By Ana Olivia A. Tirona, Researcher

FACTORY OUTPUT in March grew at its fastest pace in seven months as manufacturers propped up inventories after restrictions eased.

Preliminary data from the Philippine Statistics Authority’s Monthly Integrated Survey of Selected Industries showed manufacturing, as measured by the volume of production index (VoPI), surged more than four times or 336.3% year on year in March.

This was faster than February’s revised 75.5% growth and a turnaround from the 73.3% contraction recorded in March 2021.

Philippine manufacturing output growth climbs to 7-month high in march

March marked the 12th straight month that the manufacturing output was in positive territory. March’s print was also the highest year-on-year growth in seven months or since the 521% surge in August last year.

Manufacturing growth averaged 80.9% in the first quarter.

Philippine Chamber of Commerce and Industry President George T. Barcelon said in a Viber message the factory output growth in March was mostly driven by the need to build up inventory.

Security Bank Corp. Chief Economist Robert Dan J. Roces said the manufacturing’s rise was further fueled by the looser lockdown in March.

“We can attribute this surge to robust output and new orders growth, as validated by the PMI (purchasing managers’ index) reading as well,” Mr. Roces said in a separate Viber message.

“Easing mobility had a profound effect on output, which both improved the consumption footprint and ability to move raw materials for production purposes,” he said.

The government placed Metro Manila and most parts of the country under the most lenient alert level in March, allowing businesses to become fully operational.

S&P Global Philippines Manufacturing PMI jumped to a three-year high of 53.2 in March, signaling improvement in operating conditions.

Fifteen of 22 industry divisions posted VoPI growth in March, led by manufacture of coke and refined petroleum products, which grew almost 23 times (2,175.6%) annually — faster than the revised 482.1% growth in February.

Other industry segments that showed growth included machinery and equipment except electrical (43.2% in March from 37.2% in February); textiles (24.2% from 25.8%); other manufacturing and repair and installation of machinery and equipment (24% from 15.3%); and tobacco products (17.1% from 24.9%).

Meanwhile, declines were recorded for the manufacture of electrical equipment (-36.5% in March from -27.4% in February); printing and reproduction of recorded media (-10.9% from -10.7%); leather and related products, including footwear (-5.9% from 31.4%); other non-metallic mineral products (-5.4% from 22.6%); transport equipment (-4.6% from 6.2%); basic pharmaceutical products and pharmaceutical preparations (-0.6% from 7.2%); and food products (-0.1% from 20.3%).

The capacity utilization — the extent to which industry resources are used in producing goods — averaged 70.4% in March, faster than the revised 69.7% the previous month.

Of the 22 sectors, 21 reached an average capacity utilization rate of at least 50%.   

Mr.
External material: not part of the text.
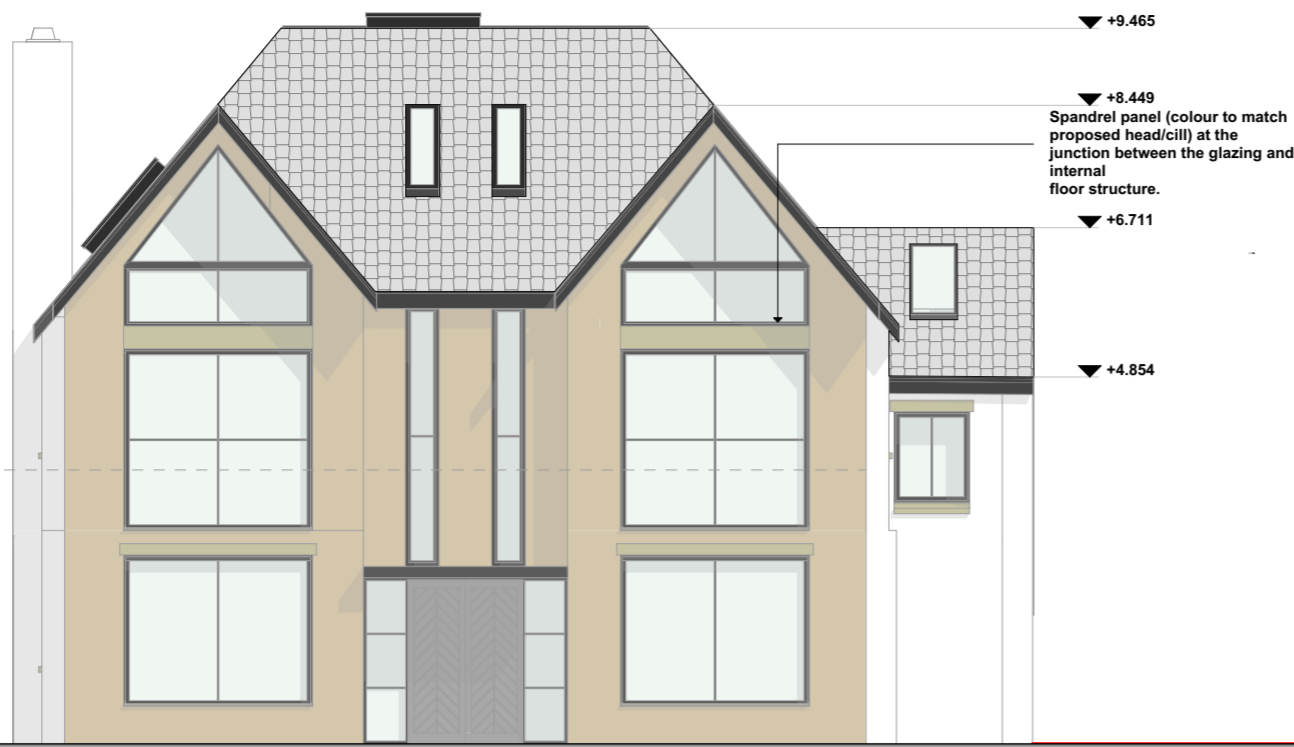
E1 West Elevation

Barcelon said he expects factory output numbers to “still be okay” until the first half of 2022 as inventory remains sufficient.

“There will be more supply chain disruption in the third quarter and manufacturing will go down a bit,” Mr. Barcelon said.

Mr. Roces said manufacturing output likely further improved in April, but risks from high inflation remain.

“[I]inflation, supply chain difficulties emanating from China, and commodity price jumps due to the Russia-Ukraine conflict may dampen and remain downside risks in the months ahead,” Mr. Roces said.

Inflation soared to an over three-year high of 4.9% year on year in April — breaching the central bank’s target and beating market expectations — as food and energy prices continued to rise amid the ongoing war between Russia and Ukraine.